En revanche, 85% des patients narcoleptiques ont un même allèle HLA, HLA DQB1*0602 comparé à 12-38% de la population générale (Mignot, 1998). Du fait du rôle des produits du gène HLA dans la régulation immunitaire, du fait que la plupart des maladie liées à l'HLA sont de nature auto-immunes et du fait que des facteurs environnementaux semblent impliqués, il a été spéculé que la narcolepsie pourrait être une maladie auto-immune. Très récemment, il a été montré que l'hypocrétin-1 est indétectable dans le liquide céphalo-rachidien de 7 narcoleptiques sur 9 testés. Ces résultats suggèrent que les neurones à hypocrétin sont chez le narcoleptique soit détruits soit dans l'incapacité de produire de l'hypocrétin. L'hypothèse actuelle en cours de test par plusieurs laboratoire est que chez les narcoleptiques les neurones à orexine auraient été détruits par une attaque autoimmune. En théorie, le traitement des narcoleptiques par des agonistes des orexins devrait permettre de traiter la maladie, les récepteurs étant à priori intacts chez la grande majorité des patients. La compétition est aujourd'hui sans doute rude au niveau des laboratoires pharmaceutiques pour sortir le premier ce type d'agoniste sur le marché.

Pierre Hervé Luppi

  • R. M. Chemelli et al., Cell 98., p. 437 (1999).

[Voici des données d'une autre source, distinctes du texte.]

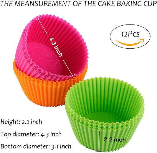 Webake 4.3 Inch silicone reusable non-stick cupcake molds,pack of 12

  • W. C. Dement, in Principles and Practices of Sleep Medicine, M. H. Kryger, T. Roth, W. C. Dement, Eds. (Saunders, Philadelphia, PA, 1994), pp. 3-15
  • J. J. Hagan et al. Proceedings of the National Academy of Sciences of the United States of America 96,19 (1999)
  • T. L Horvath et al. J. Comp. Neurol. 415,2 (1999)
  • L. De Lecea et al., Proc. Natl. Acad. Sci. U.S.A. 95, 322 (1998)
  • L. Lin et al., Cell 98, 365 (1999)
  • E. Mignot, Neurology 50 (Suppl. 1), S16 (1998)
  • S. Nishino and E. Mignot, Prog. Neurobiol. 52, 27 (1997)
  • S. Nishino et al.,The Lancet. 355,9197 (2000)
  • C. Peyron et al., J. Neurosci. 18, 9996 (1998)
  • T. Sakurai et al., Cell 92, 573 (1998)
  • J. Siegel, Cell 98 (1999)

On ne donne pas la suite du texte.